━━ Supplied data ━━

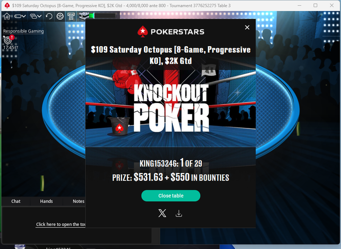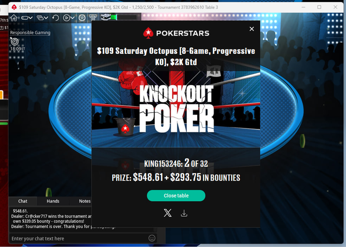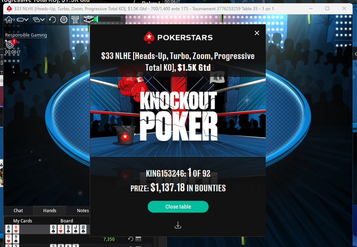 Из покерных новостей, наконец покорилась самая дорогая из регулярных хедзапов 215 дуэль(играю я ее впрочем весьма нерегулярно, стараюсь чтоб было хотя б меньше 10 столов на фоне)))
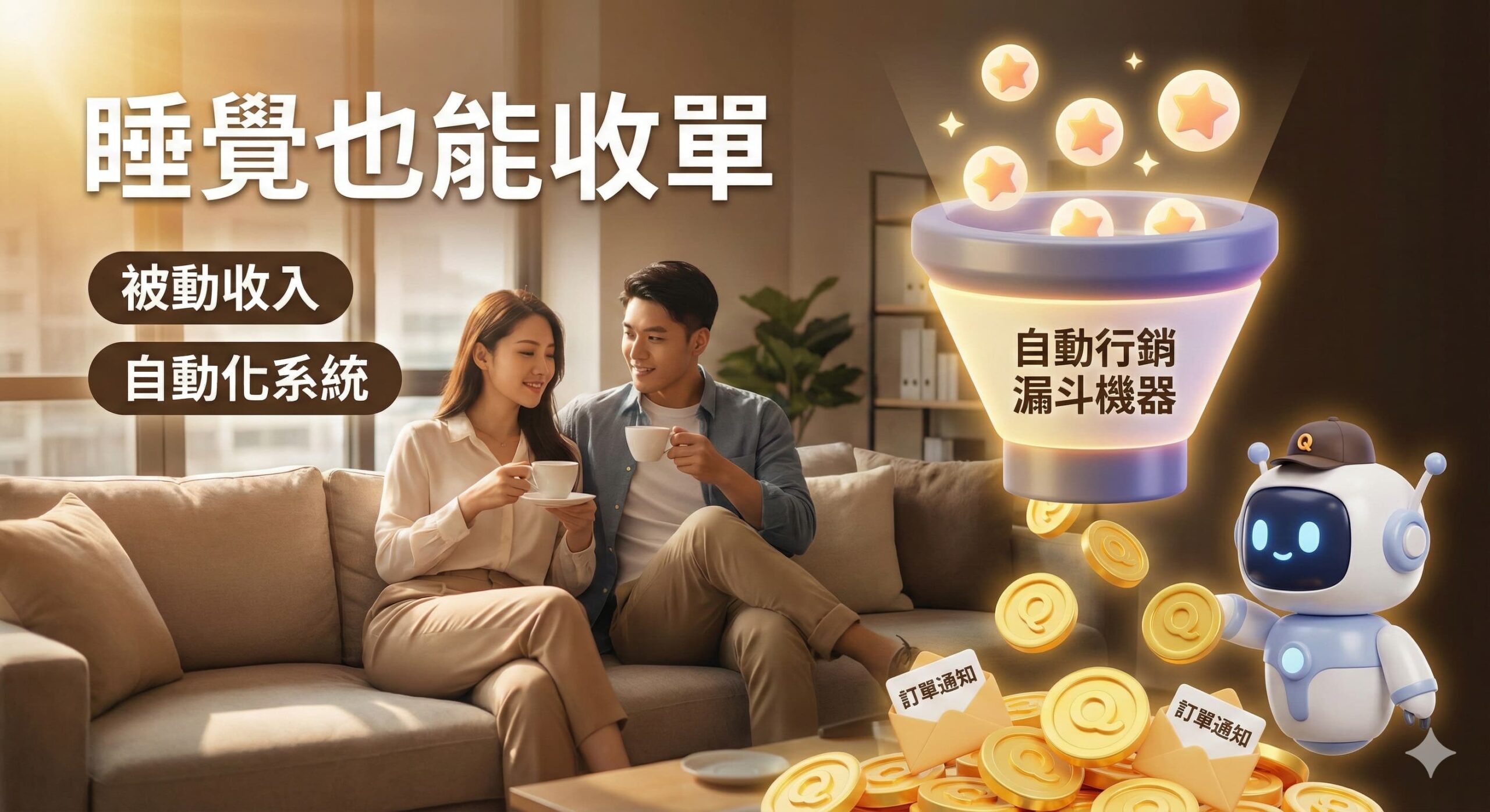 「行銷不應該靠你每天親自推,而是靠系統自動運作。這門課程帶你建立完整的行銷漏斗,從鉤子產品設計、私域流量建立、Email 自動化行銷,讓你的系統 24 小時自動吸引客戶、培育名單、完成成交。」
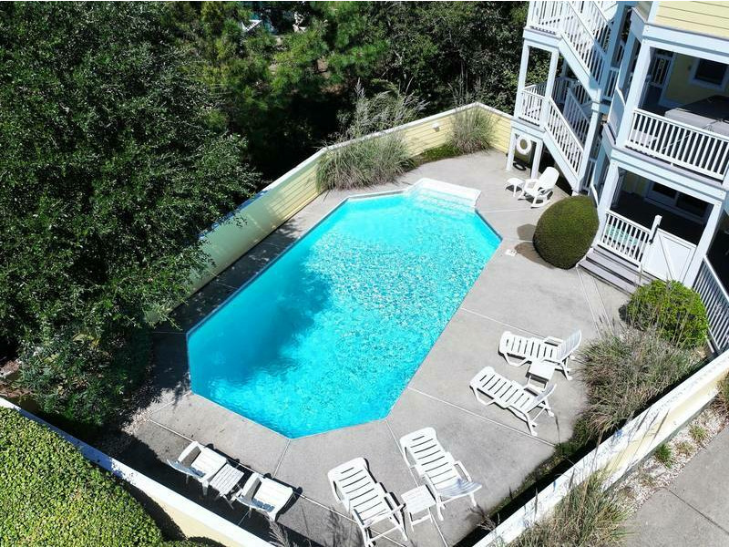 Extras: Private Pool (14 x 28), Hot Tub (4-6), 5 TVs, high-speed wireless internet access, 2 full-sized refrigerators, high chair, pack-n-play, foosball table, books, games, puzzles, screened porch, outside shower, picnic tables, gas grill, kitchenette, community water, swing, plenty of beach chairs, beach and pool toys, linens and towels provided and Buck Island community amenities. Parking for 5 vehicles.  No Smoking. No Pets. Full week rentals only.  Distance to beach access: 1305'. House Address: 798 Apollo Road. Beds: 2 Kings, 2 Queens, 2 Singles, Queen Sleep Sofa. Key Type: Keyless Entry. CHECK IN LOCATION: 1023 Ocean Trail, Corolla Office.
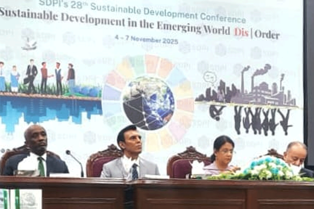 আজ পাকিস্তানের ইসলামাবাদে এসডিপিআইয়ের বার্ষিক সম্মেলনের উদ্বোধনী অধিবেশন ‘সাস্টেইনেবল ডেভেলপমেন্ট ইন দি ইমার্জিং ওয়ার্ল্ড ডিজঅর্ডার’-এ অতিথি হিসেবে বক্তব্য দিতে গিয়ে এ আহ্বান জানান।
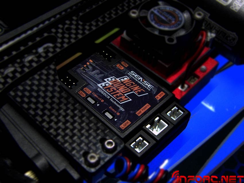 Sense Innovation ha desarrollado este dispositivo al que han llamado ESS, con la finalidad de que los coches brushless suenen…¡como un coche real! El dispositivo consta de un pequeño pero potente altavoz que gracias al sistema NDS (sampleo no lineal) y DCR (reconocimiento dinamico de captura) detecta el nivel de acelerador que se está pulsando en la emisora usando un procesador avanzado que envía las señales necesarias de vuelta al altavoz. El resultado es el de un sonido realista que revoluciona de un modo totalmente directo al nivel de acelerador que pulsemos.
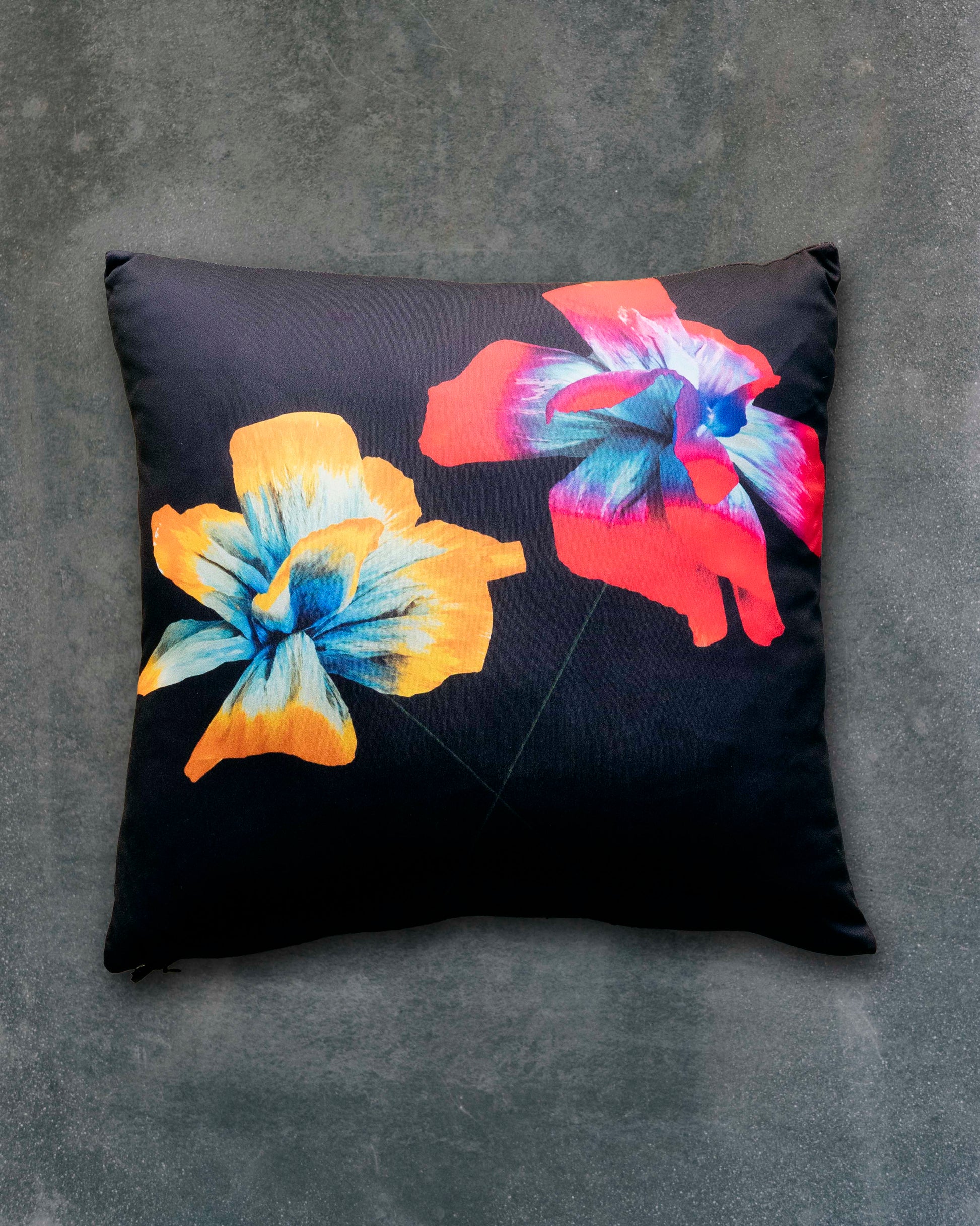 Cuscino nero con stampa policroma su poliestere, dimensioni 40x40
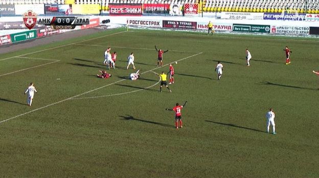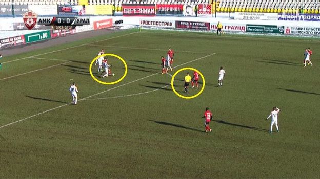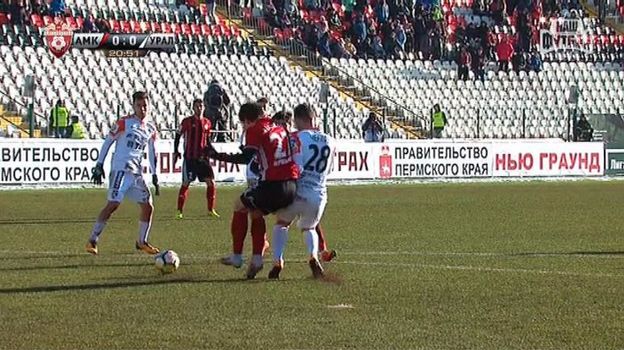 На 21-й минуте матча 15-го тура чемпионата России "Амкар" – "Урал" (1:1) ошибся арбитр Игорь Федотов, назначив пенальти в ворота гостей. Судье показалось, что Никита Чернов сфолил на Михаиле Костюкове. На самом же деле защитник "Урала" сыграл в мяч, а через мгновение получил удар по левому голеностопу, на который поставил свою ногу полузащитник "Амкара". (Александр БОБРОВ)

━━━

Brief » Return exactly the line containing "Cuscino nero con" and every line after it, up to and including the final line of the entries above. Pictures stay out.

Response to this exercise »
 Cuscino nero con stampa policroma su poliestere, dimensioni 40x40
 На 21-й минуте матча 15-го тура чемпионата России "Амкар" – "Урал" (1:1) ошибся арбитр Игорь Федотов, назначив пенальти в ворота гостей. Судье показалось, что Никита Чернов сфолил на Михаиле Костюкове. На самом же деле защитник "Урала" сыграл в мяч, а через мгновение получил удар по левому голеностопу, на который поставил свою ногу полузащитник "Амкара". (Александр БОБРОВ)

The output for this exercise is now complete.